Before I got a sous vide cooker I solved this issue in the most practical way – I simply never bought a beef tenderloin roast. While this did prevent me from over cooking an expensive piece of meat it also meant I didn’t get to enjoy it very often.
Sous vide uses a water bath to keep the meat at a constant temperature. You set the cooker to the internal temperature you want the tenderloin to reach and after the water bath reaches that temperature it stays there. So with a sous vide cooker it is almost impossible to over cook a piece of meat, because the temperature will simply not get high enough.
Sous vide cooking means you can cook with precision and have a foolproof, perfectly cooked dinner every time. And more than that it makes cooking something like beef tenderloin easy – once you have the meat in the sous vide cooker there isn’t much else to do. You can socialize with your guests or whip up some delicious side dishes to complement the main course.
What Temperature to Cook Beef Tenderloin To?
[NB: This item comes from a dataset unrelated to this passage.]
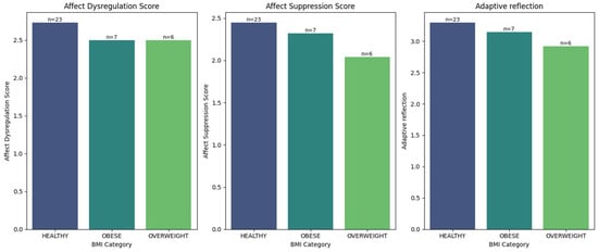 Average psychological scores by BMI Category for children aged 8–11. The figure displays the mean scores of Affect Dysregulation, Affect Suppression, and Adaptive Reflection for children in different BMI categories, with each bar denoting the average score for Healthy, Overweight, and Obese classifications. The number of participants in each category is annotated within the respective bars, offering an immediate visual comparison of the psychological attributes across the BMI spectrum.

Here are the temperatures for cooking beef tenderloin
- 125°F – rare – cool red center
- 135°F – medium rare – warm red center
- 145°F – medium – warm pink center
- 155°F – medium well – slightly pink center
- 165°F – well done – little or no pink
I set my cooker at 137°F for this dish and I thought that was just about perfect. If you are going to use a temperature under 130°F you need to be more careful about food safety because that might not be high enough to kill food born microbes, so I would not advise using a temperature that low. If you are going to use a temperature over 145°F the tenderness of the meat will be affected, so I probably wouldn’t bother with such an expensive piece of meat. Unlike a conventional roast a sous vide roast will not continue to increase in temperature as it rests, so you want to cook it to your desired end temperature.
How to Cook Beef Tenderloin
The goal of cooking the beef tenderloin is to have the exterior browned while the interior stays juicy and rare. The sous vide water bath takes care of making the interior the perfect temperature, but to get the outside brown you need to sear the meat. I seared the meat twice, once before adding to the cooker and once after it was done. Searing the roast before you cook it adds flavor as it cooks, and searing again at the end makes it look better. And if I am serving $35 a pound meat to my family and friends I want them to admire the finished dish and think it looks elegant!
The first step in the process is to start the sous vide cooker going, though so the water bath can come up to temperature while you sear the meat. Then I heated olive oil in a cast iron skillet and used salt and pepper to season the meat. I seared the tenderloin on all sides in the skillet, turning it so it was nice and brown, which took about 5 minutes. You can also sear the beef tenderloin on a grill if the weather is nice.
Then I put the tenderloin in a FoodSaver vacuum sealer bag along with some parsley and garlic. Other herbs like rosemary or thyme would also work well to flavor the tenderloin as it cooks. If you don’t have a FoodSaver a ziploc bag will work fine, although you might want to let the beef tenderloin cool for a few minutes before adding to a plastic baggie.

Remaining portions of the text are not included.